§ WORK REQUEST: Transcribe every line below exactly; no image goes into the output.

§ INFORMATION SHOWN:
*** Begin section ***

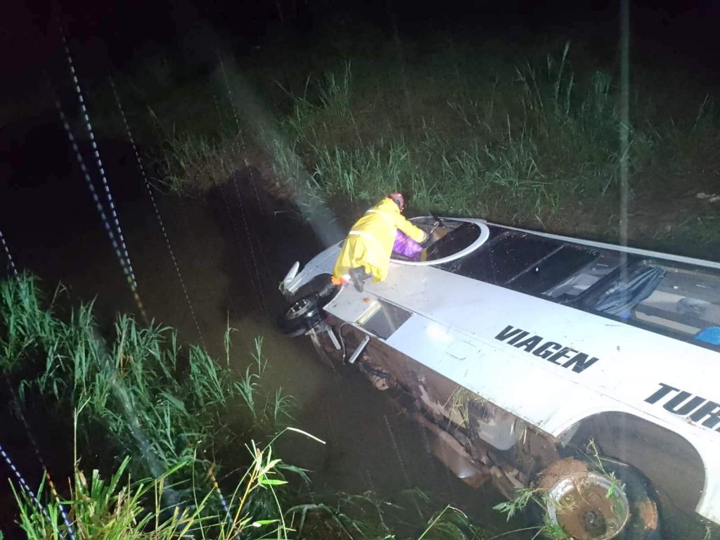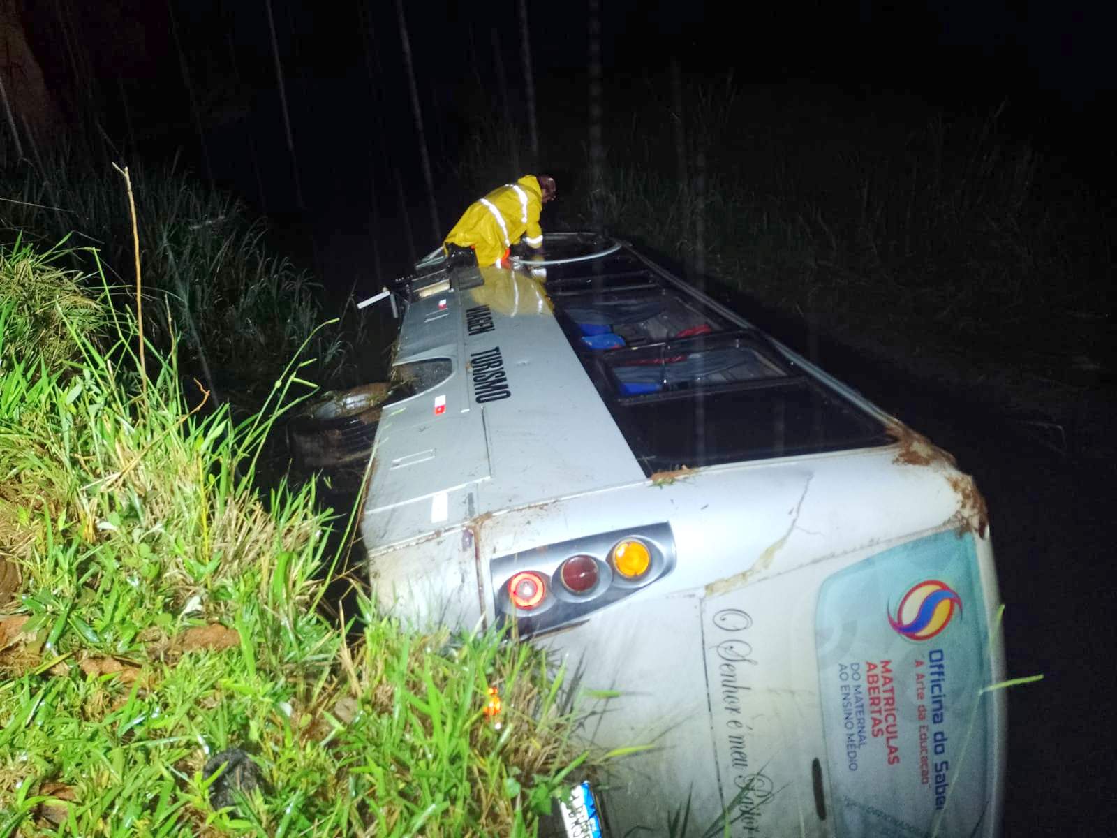 O acidente aconteceu na noite desta sexta-feira (22), no KM 595, entre Realeza e São João do Manhuaçu. Segundo a Polícia Rodoviária Federal (PRF), o motorista perdeu o controle do veículo. Parte do ônibus ficou sob as águas do rio Manhuaçu.
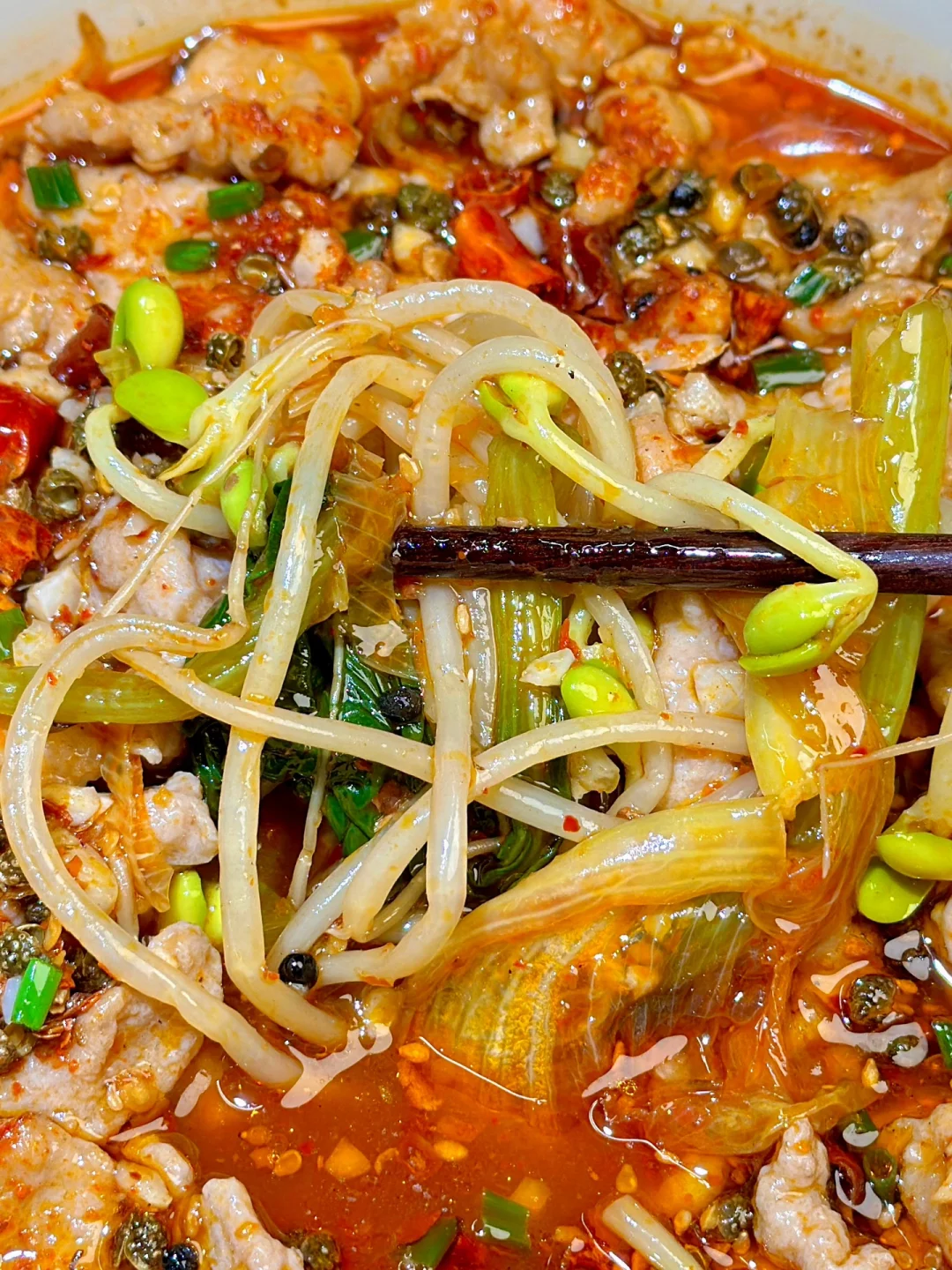 2️⃣炒香葱姜蒜下2勺郫县豆瓣酱(火锅底料也可以),炒出红油倒入小半锅水煮沸加1勺生抽1勺蚝油调味
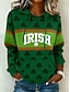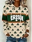 St. Patrick Damen Pullover Hoodie Sweatshirt Grafisches Kleeblatt Vintage Lässig Boho Langarm Kapuze Reguläre Oberteile Lässige Straße Alltagstragen Druck Vorderseite Tasche Schwarz Weiß Grün Beige

*** End section ***

§ EXERCISE SOLUTION:
 O acidente aconteceu na noite desta sexta-feira (22), no KM 595, entre Realeza e São João do Manhuaçu. Segundo a Polícia Rodoviária Federal (PRF), o motorista perdeu o controle do veículo. Parte do ônibus ficou sob as águas do rio Manhuaçu.
 2️⃣炒香葱姜蒜下2勺郫县豆瓣酱(火锅底料也可以),炒出红油倒入小半锅水煮沸加1勺生抽1勺蚝油调味
 St. Patrick Damen Pullover Hoodie Sweatshirt Grafisches Kleeblatt Vintage Lässig Boho Langarm Kapuze Reguläre Oberteile Lässige Straße Alltagstragen Druck Vorderseite Tasche Schwarz Weiß Grün Beige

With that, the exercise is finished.